Even This City Can Overcome Death

I came across this simple poem by Howard Nemerov, which provokes me again to dream. Even though he speaks a vision of Easter life to the suburbs, I imagine it speaking to the whole city, our city—the entire area of Greater Nashville. I hear in the announcement of this glorious season of our Lord’s resurrection that “even this city can overcome death…even here, death will be vanquished again…and certainly not by our own doing.” May this season be one where our God moves us outside of ourselves, so that we might be used by Him to restore life in all of its forms, right here, even here, in our city.

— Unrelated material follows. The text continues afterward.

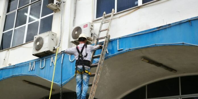 A reforma da sede da Prefeitura de Balneário Camboriú está em andamento, com ritmo acelerado. Nesta primeira fase, está sendo realizada a limpeza da estrutura externa e reparos nas instalações elétricas e nas tubulações dos aparelhos de ar-condicionado. Na sequência, será iniciada a pintura da fachada.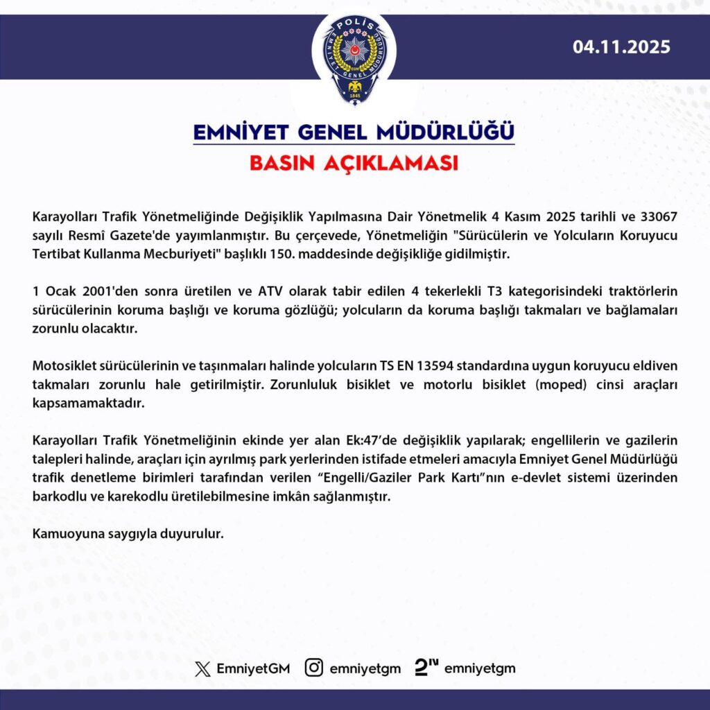 Karayolları Trafik Yönetmeliğinde Değişiklik Yapılmasına Dair Yönetmelik 4 Kasım 2025 tarihli ve 33067 sayılı Resmî Gazete’de yayımlanmıştır. Bu çerçevede, Yönetmeliğin “Sürücülerin ve Yolcuların Koruyucu Tertibat Kullanma Mecburiyeti” başlıklı 150. maddesinde değişikliğe gidilmiştir.1 Ocak 2001’den sonra üretilen ve ATV olarak tabir edilen 4 tekerlekli T3 kategorisindeki traktörlerin sürücülerinin koruma başlığı ve koruma gözlüğü; yolcuların da koruma başlığı takmaları ve bağlamaları zorunlu olacaktır.Motosiklet sürücülerinin ve taşınmaları halinde yolcuların TS EN 13594 standardına uygun koruyucu eldiven takmaları zorunlu hale getirilmiştir. Zorunluluk bisiklet ve motorlu bisiklet (moped) cinsi araçları kapsamamaktadır.Karayolları Trafik Yönetmeliğinin ekinde yer alan Ek:47’de değişiklik yapılarak; engellilerin ve gazilerin talepleri halinde, araçları için ayrılmış park yerlerinden istifade etmeleri amacıyla Emniyet Genel Müdürlüğü trafik denetleme birimleri tarafından verilen “Engelli/Gaziler Park Kartı”nın e-devlet sistemi üzerinden barkodlu ve karekodlu üretilebilmesine imkân sağlanmıştır.Kamuoyuna saygıyla duyurulur.🔹 @EmniyetGM🔹 emniyetgm.gov.tr

Enjoy the poem and Happy Easter!

Easter, by Howard Nemerov

Even this suburb has overcome death.
Overnight, by a slow explosion, or
A rapid burning, it begins again
Bravely disturbing the brown ground
With grass and even more elaborate
Unnecessaries such as daffodils
And tulips, till the whole sordid block
Of houses turned so inward on themselves,
So keeping of a winter's secret sleep,
Looks like a lady's hat, improbably
Nodding with life, with blue jays hooting
And pigeons caracoling up among
The serious chimney pots, and pairs
Of small birds speeding behind the hedges
Readying to conceal them soon. Here,
Even here, Death has been vanquished again,
What was a bramble of green barbed wire
Becomes forsythia, as the long war
Begins again, not by our doing or desiring.

1 comment:

Kay said...

I love this, Dean. Thank you! Your Easter sermon on resurrection is still stuck in my mind - especially when a bird nearly flew under the wheels of my car! All around me this week the earth cried out "resurrection!"